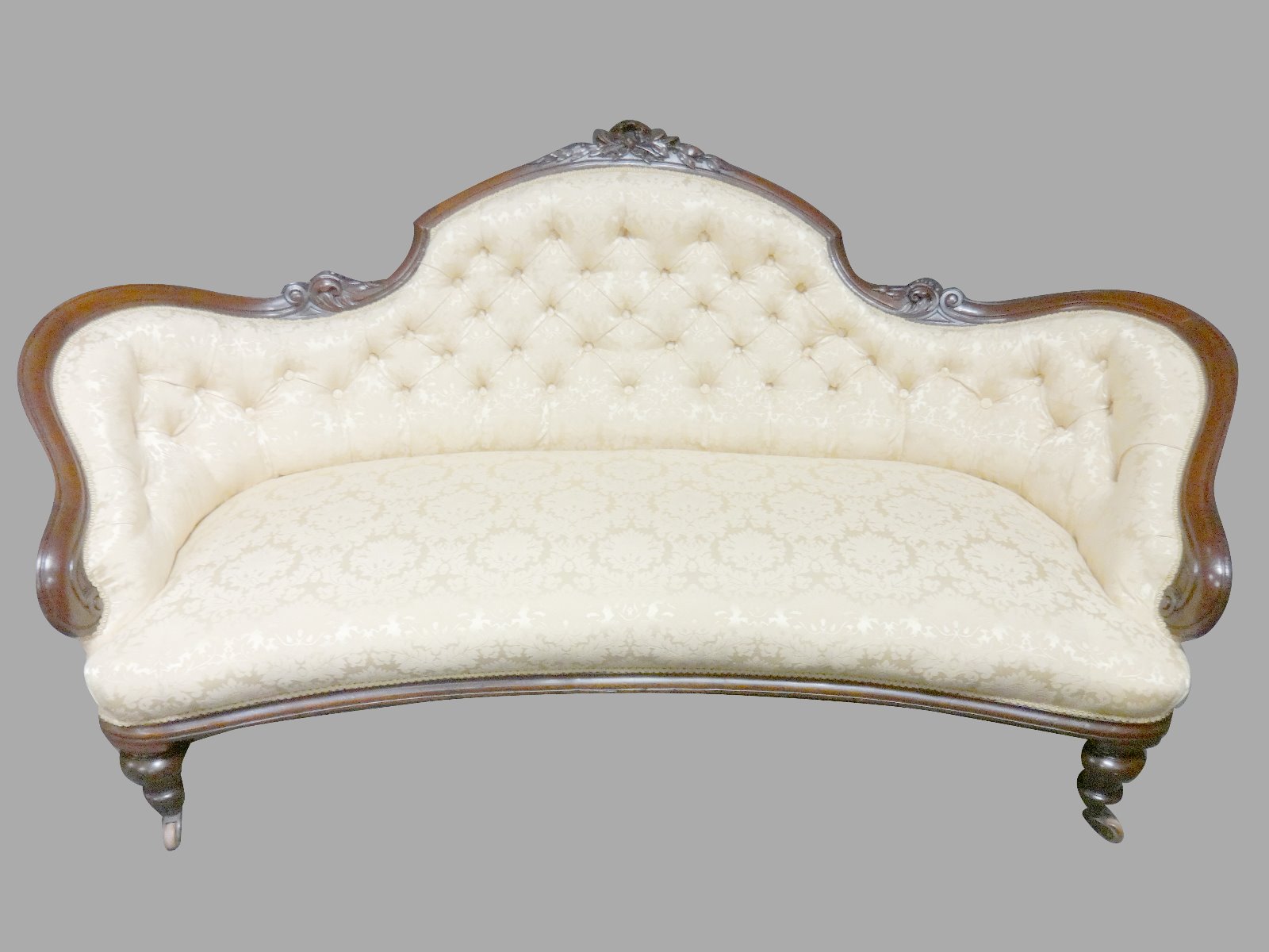 This is a superb 19th Century Victorian antique deep buttoned mahogany curved end couch, recently upholstered in gold damask, turned feet and pot castors, in excellent condition.
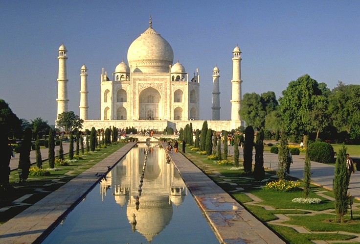 واحد من المباني الأكثر شهرة في العالم، تاج محل (أو قصر القصور) في أكرا وهو أيضا واحد من أجمل المباني في العالم. في الواقع تاج محل هو ضريح بناه الإمبراطور شاه جاهان كنصب تذكاري لزوجته الثالثة ممتاز محل، والتي توفيت أثناء ولادة طفلهما الرابع عشر!! في عام 1631 ميلادية. هذا النصب المصنوع من المرمر الأبيض والشاهد على الحب العميق يجذب الأزواج والعشاق عاما بعد عام لزيارته. قبة الضريح المصنوعة من الرخام البيضاء هي الأكثر شهرة، توفر جوا عميقا من الرومانسية، ولشدة جمال هذا البناء، وصفه طاغور شاعر الهند بأنه ’دمعة على وجه الأبدية‘.
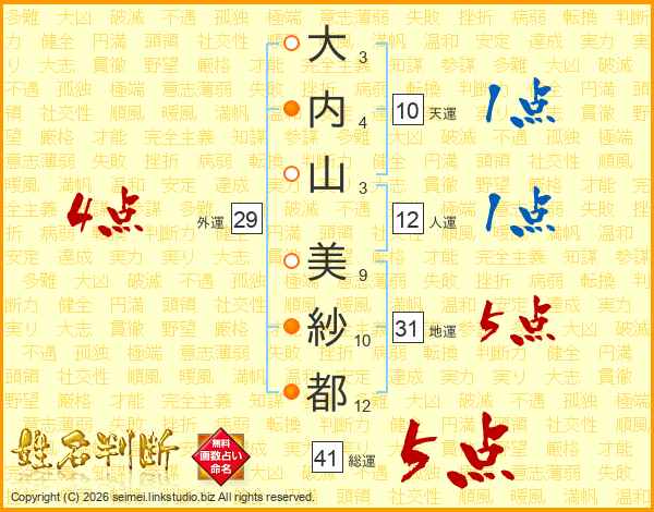 大(3画)内(4画)山(3画) 美(9画)紗(10画)都(12画)
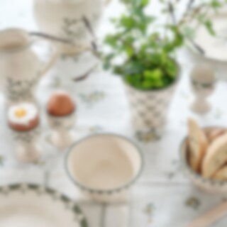 Egg cup in stoneware with an old-fashioned motif of a decorative clover pattern in green. Nice to combine and mix with the other motifs.
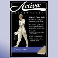 - Light Compression Women's Dress Socks, 15-20 mm Hg Support Socks. Recommended for anyone wanting great feeling legs, especially those who sit or stand for long periods of time. These support socks help to prevent and relieve leg fatigue and heaviness, ankle and foot swelling/aching, mild spider veins and varicose veins by increasing circulation in the legs. Experts recommend wearing compression socks during air travel to prevent "Economy Class Syndrome", a medical condition associated with inactivity during long flights (also known as deep-vein thrombosis). Stylish with their ribbed appearance, these compression socks give comfortable, preventative support while still remaining fashionable. Non-binding top band and comfortable balloon toe. Colors: Black, Tan, White, Navy. Fits women's shoe size 8 to 10-1/2. Size: Large.
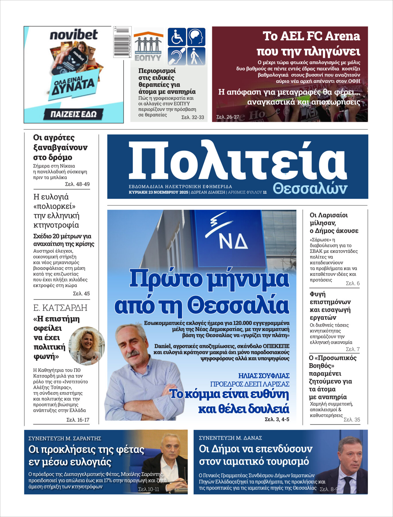 Γράφει η Βιβή Ζαχοπούλου από την «Πολιτεία Θεσσαλών» Κυριακή 23 Νοεμβρίου 2025
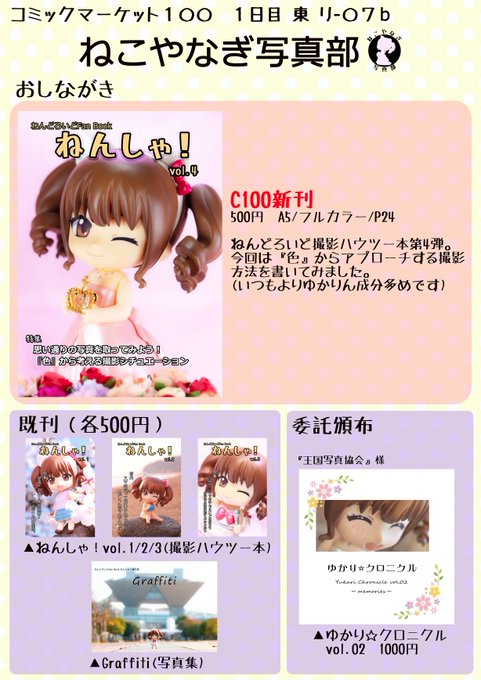 あなたのサークル「ねこやなぎ写真部」は、コミックマーケット100で「土曜日東地区 "リ " 07b」に配置されました!コミケWebカタログにてサークル情報ページ公開中です! webcatalog.circle.ms/Circle/1621730… #C100WebCatalog スペースいただきました!原稿一ミリもやってません!!!!!
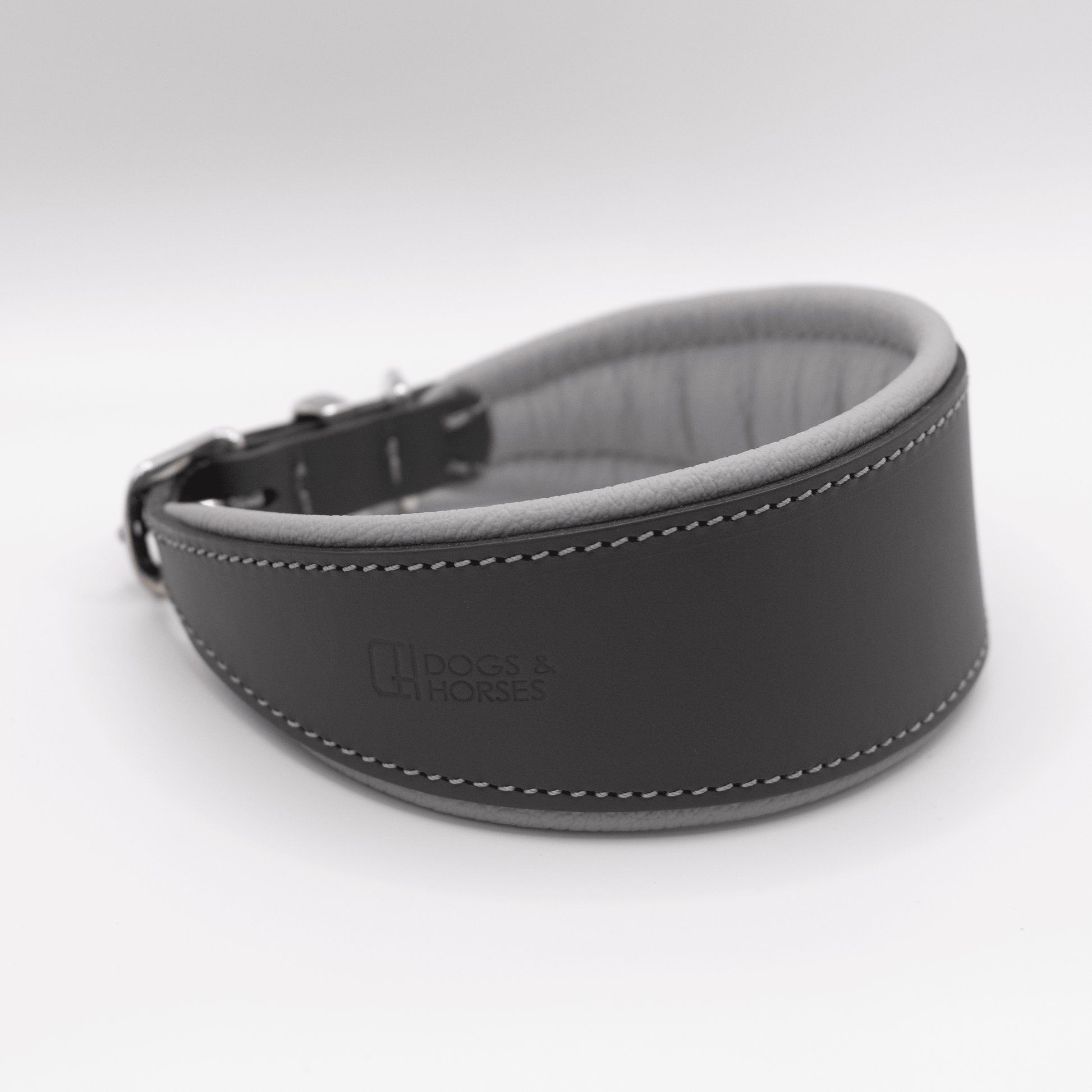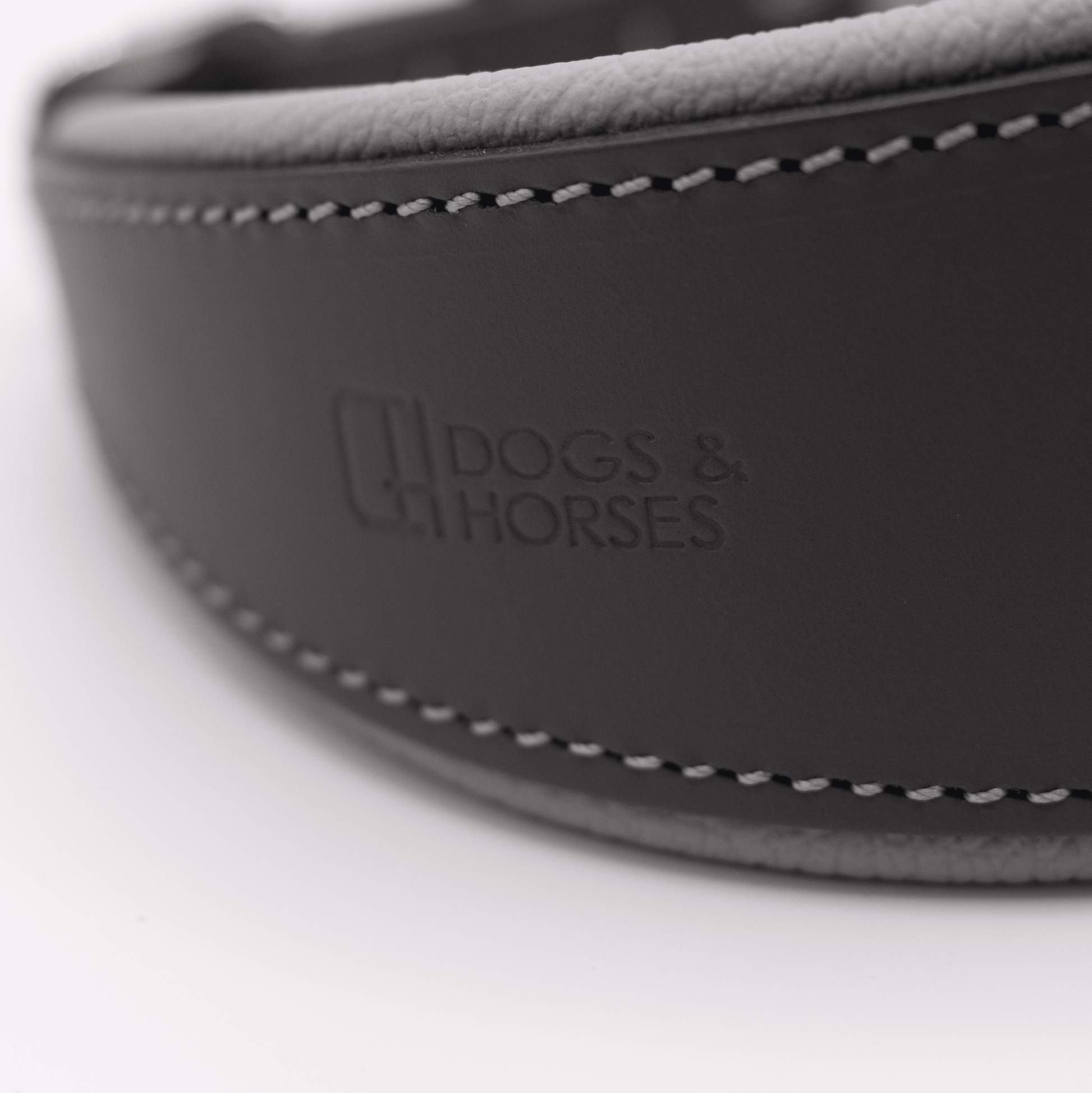D&H Padded Leather Hound Collar Charcoal and Grey

### Aim of the task
Print every record exactly without the images.

### Solution to this problem
 This is a superb 19th Century Victorian antique deep buttoned mahogany curved end couch, recently upholstered in gold damask, turned feet and pot castors, in excellent condition.
 واحد من المباني الأكثر شهرة في العالم، تاج محل (أو قصر القصور) في أكرا وهو أيضا واحد من أجمل المباني في العالم. في الواقع تاج محل هو ضريح بناه الإمبراطور شاه جاهان كنصب تذكاري لزوجته الثالثة ممتاز محل، والتي توفيت أثناء ولادة طفلهما الرابع عشر!! في عام 1631 ميلادية. هذا النصب المصنوع من المرمر الأبيض والشاهد على الحب العميق يجذب الأزواج والعشاق عاما بعد عام لزيارته. قبة الضريح المصنوعة من الرخام البيضاء هي الأكثر شهرة، توفر جوا عميقا من الرومانسية، ولشدة جمال هذا البناء، وصفه طاغور شاعر الهند بأنه ’دمعة على وجه الأبدية‘.
 大(3画)内(4画)山(3画) 美(9画)紗(10画)都(12画)
 Egg cup in stoneware with an old-fashioned motif of a decorative clover pattern in green. Nice to combine and mix with the other motifs.
 - Light Compression Women's Dress Socks, 15-20 mm Hg Support Socks. Recommended for anyone wanting great feeling legs, especially those who sit or stand for long periods of time. These support socks help to prevent and relieve leg fatigue and heaviness, ankle and foot swelling/aching, mild spider veins and varicose veins by increasing circulation in the legs. Experts recommend wearing compression socks during air travel to prevent "Economy Class Syndrome", a medical condition associated with inactivity during long flights (also known as deep-vein thrombosis). Stylish with their ribbed appearance, these compression socks give comfortable, preventative support while still remaining fashionable. Non-binding top band and comfortable balloon toe. Colors: Black, Tan, White, Navy. Fits women's shoe size 8 to 10-1/2. Size: Large.
 Γράφει η Βιβή Ζαχοπούλου από την «Πολιτεία Θεσσαλών» Κυριακή 23 Νοεμβρίου 2025
 あなたのサークル「ねこやなぎ写真部」は、コミックマーケット100で「土曜日東地区 "リ " 07b」に配置されました!コミケWebカタログにてサークル情報ページ公開中です! webcatalog.circle.ms/Circle/1621730… #C100WebCatalog スペースいただきました!原稿一ミリもやってません!!!!!
D&H Padded Leather Hound Collar Charcoal and Grey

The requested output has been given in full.